Absent during President Emmanuel Macron's first term, the ministry was reinstated in 2022, with Olivia Grégoire appointed Minister Delegate to the Minister of the Economy, Finance, and Industrial and Digital Sovereignty. It was briefly attached to the Ministry for Territorial Partnerships and Decentralisation from September to December 2024, during the conservative government of Michel Barnier. It regained full ministerial status on 12 October 2025, in the second government led by Sébastien Lecornu.
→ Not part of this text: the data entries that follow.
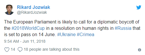 "Европейский парламент, скорее всего, призовет к дипломатическому бойкоту чемпионата мира-2018 в резолюции по правам человека в России, которую должен одобрить 14 июня", - написал журналист.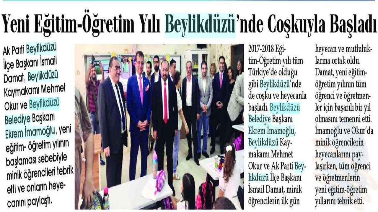 23 Eylül 2017 tarihli "Beylikdüzü" gazetesi. 2017-2018 Eğitim-Öğretim yılı tüm Türkiye'de olduğu gibi Beylikdüzü'nde çoşku ve heyecanla başladı. Beylikdüzü Belediye Başkanı Ekrem İmamoğlu, Beylikdüzü Kaymakamı Mehmet Okur ve Ak Parti Beylikdüzü İlçe Başkanı İsmail Damat öğrencileri tebrik etti ve onların heyecanını paylaştı.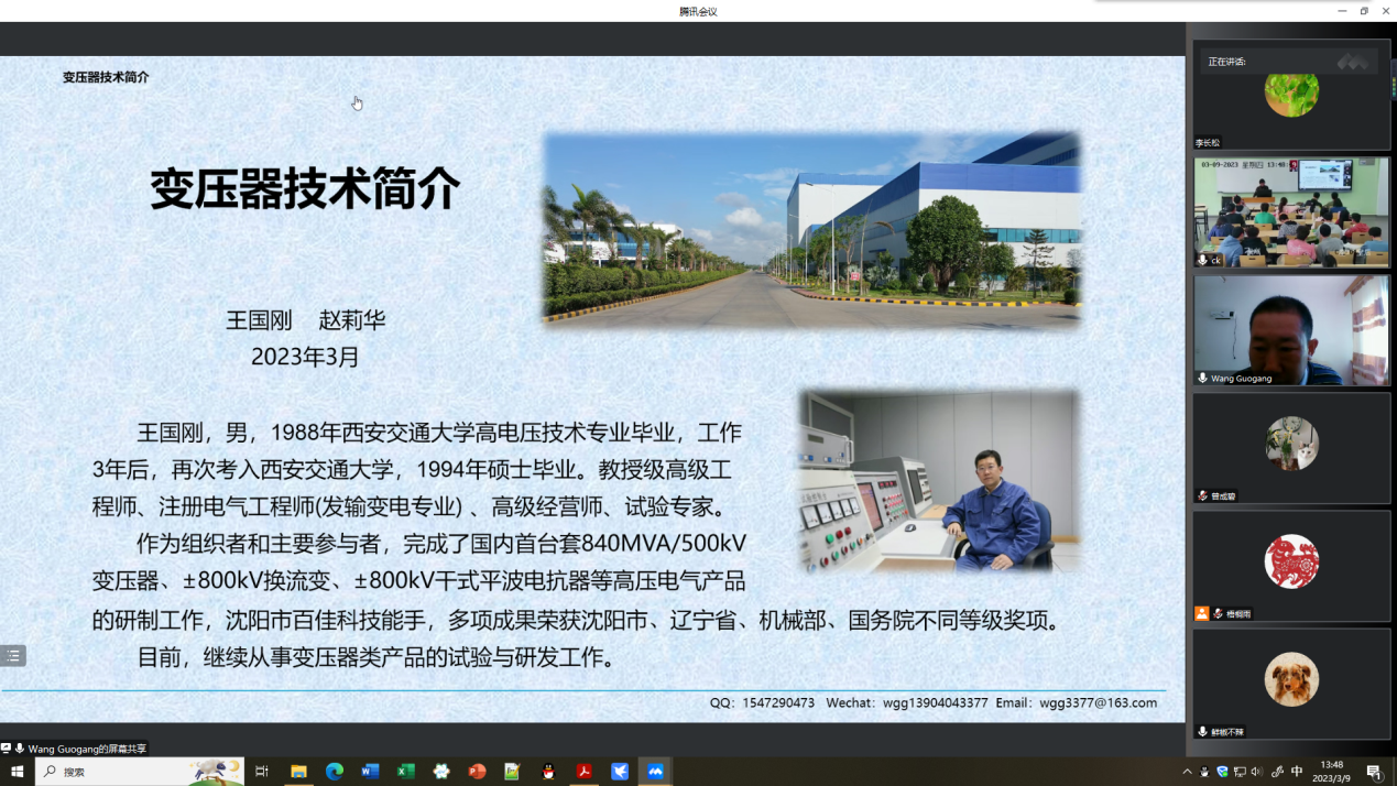 自2021级本科生开始,英国上市公司365卓越工程师教育培养计划2.0有序展开。学院开设了包括《电机学》在内的一系列电力专业荣誉课程,旨在全面调动校内外师资和实验实践平台资源,提升学院卓越工程师人才培养水平。为切实提高卓工班同学工程实践及创新能力,呼应产教融合的新型教学体系发展趋势,2023年3月9日下午,赵莉华老师特邀特变电工教授级高级工程师王国刚教授,在《电机学》课堂上为同学们带来变压器知识专题讲座。本次讲座采用线上线下结合的形式,综合理论知识与工程实践,在同学中引起了热烈反响,并收获了一致好评。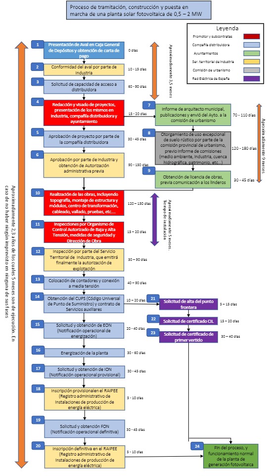 Y lo cierto es que, cuando nos hace un esquema de todos los organismos por los que tiene que pasar la solicitud —y que pueden ver en el cuadro adjunto—, entendemos su veredicto: hasta 24 pasos que involucran a Gobierno, ayuntamientos, Red Eléctrica y compañías. "Y probablemente haya que introducir alguno más, porque, por si esto fuera poco, van cambiando la normativa", denuncia Rodríguez.
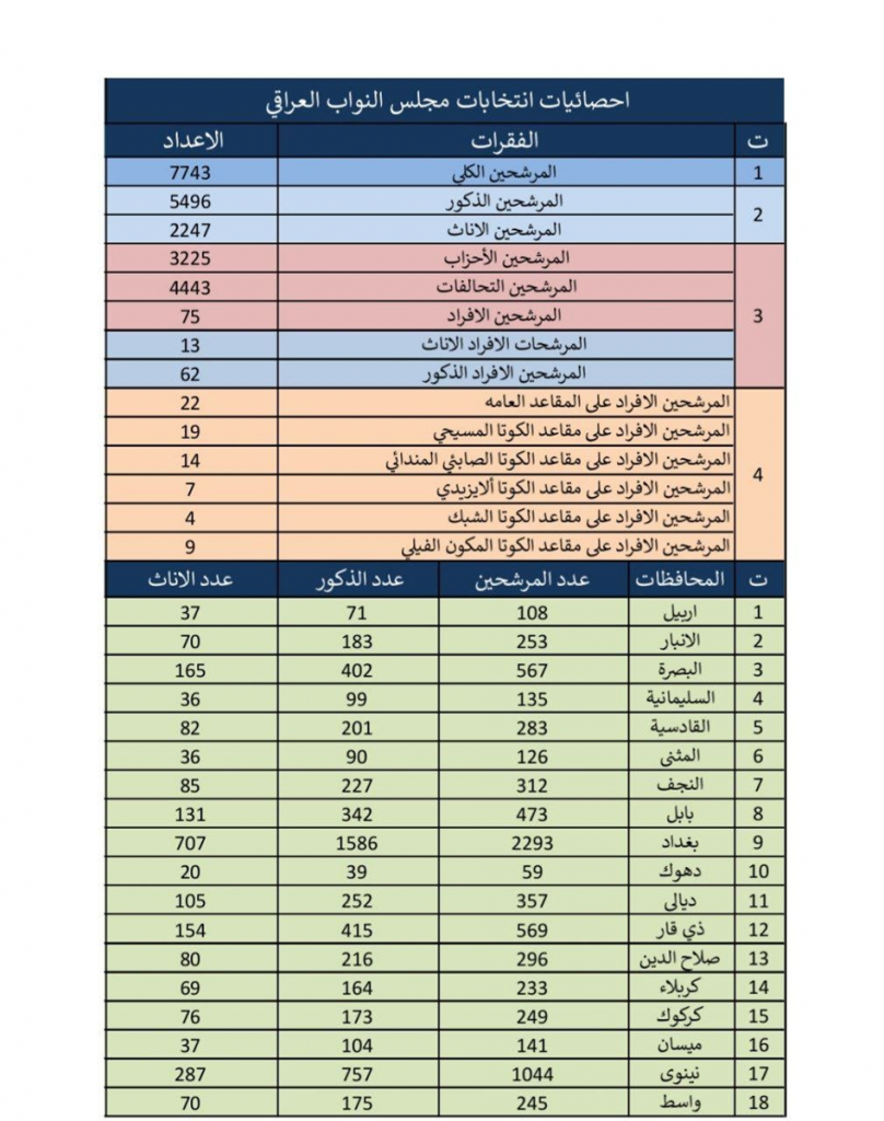 نشرت المفوضية العليا المستقلة للانتخابات، اليوم السبت، إحصائيات انتخابات مجلس النواب 2025.

For the first time, the ministerial title explicitly referenced "purchasing power". Shortly after Serge Papin, former CEO of the cooperative retailer Coopérative U, was appointed as minister, retail expert Dominique Crepy expressed criticism. In a statement to the online newspaper LSA, he questioned whether the ministry's title reflected a deeper conceptual confusion: "Does this not signify a state that no longer sees itself as the guarantor of conditions for economic freedom, but rather as the custodian of economic sentiment?"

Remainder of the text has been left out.